司西进了屋,里面光线十分昏暗,不过两个茅房大小的空间,放着一张床,地上铺着稻草堆,一个简陋的写字台,台上放着一只燃尽蜡烛的灯台,砚下还压着一叠纸,上面写着神奇的符文,看起来像藏文。
一位行将就木的老者坐在床上蒲团上打坐,他身着达赖的红色僧袍,双眼紧闭。
“这位是土登嘉措,是我们西域的活佛。”巴次仁压低声音恭敬道。
原来是他!司西双手合十,恭敬道“见过上师。”传闻土登嘉措乃灵童转世,不遗余力在各地传教,没想到如今竟在京城边郊这么一个繁杂的地方。
“便是这位施主帮了你吗?”
“正是。”巴次仁双手合十道。
“你们且出去,我与这位施主有缘,要同他聊聊。”土登嘉措道。
“是。”巴次仁带着屋里三人尽数退出房间。
“施主可是世外之人?”土登嘉措睁开眼睛,那是怎样一幅眼神,像是能包容所有的斑斓和荒芜,穿透人最为本质的灵魂般。
“一沙一世界,活佛又何必如此在意世内世外呢?”庄周梦蝶,南柯一梦,他是四喜,也是司西,谁知道哪个是真,哪个是假,活在当下便是。
“世间万有、诸法皆空,色即是空、空即是色。世间八风,本来一味诸法无常,缘起果熟,世界瞬息万变,孰个知晓未来三世?施主善根深厚,达成智慧体验。”土登嘉措道:“当人自问‘我是谁’时,找心找不到,心无杂念,称为顽空。之后若不会起烦恼,没有执着,能一直维持下去,叫做彻悟;施主如今已停止追求自己的开悟,全心全力地帮助他人解脱烦恼时,当真是大彻大悟,乃天下之福。”
他大彻大悟关天下什么事?司西听得一头雾水。
“施主可知在藏密众多修持中,有一种修持叫转世瑜伽。人皆有死,却不知何日死,为何死,死后去哪。修成转世密咒,可自由掌握命运,大道自然,也可以新的生命形式出现,成佛用离轮回。”
“上师是在劝我修密?”司西问道。
“施主虽有慧根,却非我辈中人。”土登嘉措道:“施主可否将脖子上戴着的那串念珠递与我看看?”
“这珠子听说与您有些渊源,也不知是真是假。”司西将李嬷嬷赠与他的开片玉化老星月菩提念珠递给了土登嘉措。
“正是当年我赠送给前太子妃。”土登嘉措看了一眼道。“此乃天意,当年前太子妃寄放一物在我这里,道日后若有人拿此珠前来,边将那物给他,若没人来,便随我深埋土里。我深感寿时将尽,却在最后遇到你,这是冥冥中注定的。”

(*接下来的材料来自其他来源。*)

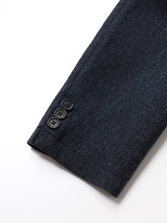 ツイード感がありながらエアリアルな素材にするために紡毛糸の中でも非常に細番手の1/34を使用して織り上げました。1/34は細く軽い糸ですがナイロンを混紡する事で風合いと強度の両立を保ちました。ツイード感、ウォーム感がありながらエアリアルな特徴はこの糸質によるものです。エアリアルなこの素材に少し動きを加える為、16本に1本ナイロンポリウレタンを巻きつけた1/34を配置することでやさしい凹凸感を作り出しました。
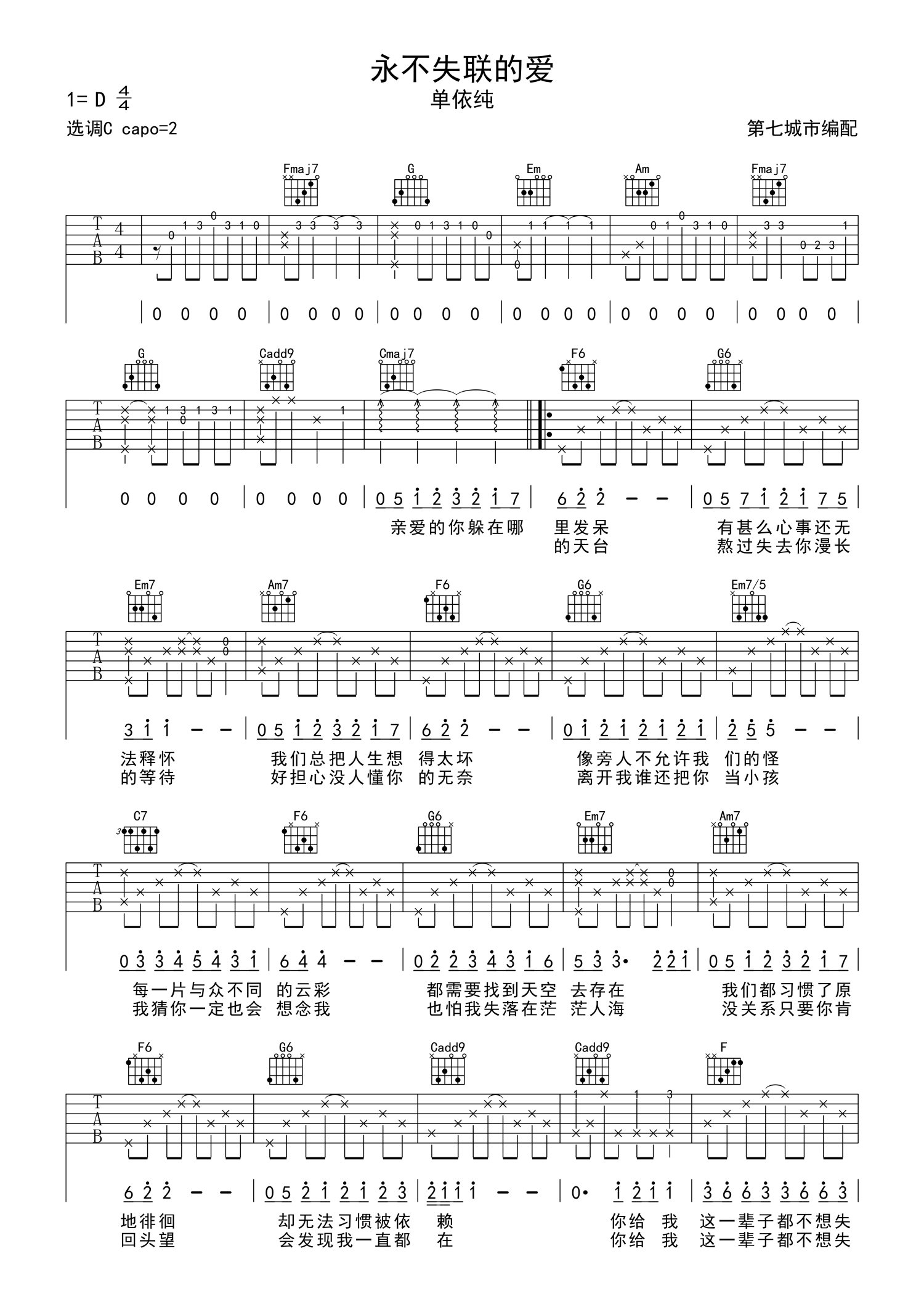 • 永不失联的爱吉他谱 - 单依纯 - C调吉他弹唱谱第1张

“我不认识那前太子妃,这东西也是别人送的。”司西推拒道。
“送了你,便是你的。”土登嘉措从怀中掏出一物,递给了司西,收回手来,双手合十,藏传佛教诵咒:“嗡、嘛、呢、叭、咪、吽。”
司西双手接过一看,差点被烫到手,只见手中铜质器物不过拇指大小,符作虎走形,虎昂首,尾端卷曲,竟是半边虎符!!
虎符乃朝廷发给驻军首领的调兵凭证,虎符的背面刻有铭文,分为两半,右半存于皇帝手中,左半发给统兵将帅,调兵谴将时需要两半勘合验真,方可生效。如今大辰唯有四枚虎符,鲁国公的虎符已上缴朝廷,晋国公的兵符尚在手中,统领北境二十万大军,除去皇帝手中那一枚,这个应该就是当年安国公失踪的那枚…
这枚虎符,统领的是可是海境十几万的兵力!
“上师,这东西我真要不得!上师?”司西反应过来,连忙要将东西还回去,却屡叫无反应,他颤抖着手在土登嘉措鼻前一放,已是没了气息。
“上师圆寂了。”司西将虎符收到怀里,出门道。
那名麻花辫女孩便已哭着跑了进去,巴次仁叹了口气,道:“土登嘉措可有遗言?”
司西道:“死亡并不意味着生命的彻底结束,而是意味转化作为另一种生命状态。”
司西道:“上师遗体该怎么处理?”
巴次仁道:“他已嘱咐我们将他肉身活化,舍利子留与有缘人。”
司西摸了摸胸口暗兜里的兵符,只能点点头,着人去办土登嘉措后事。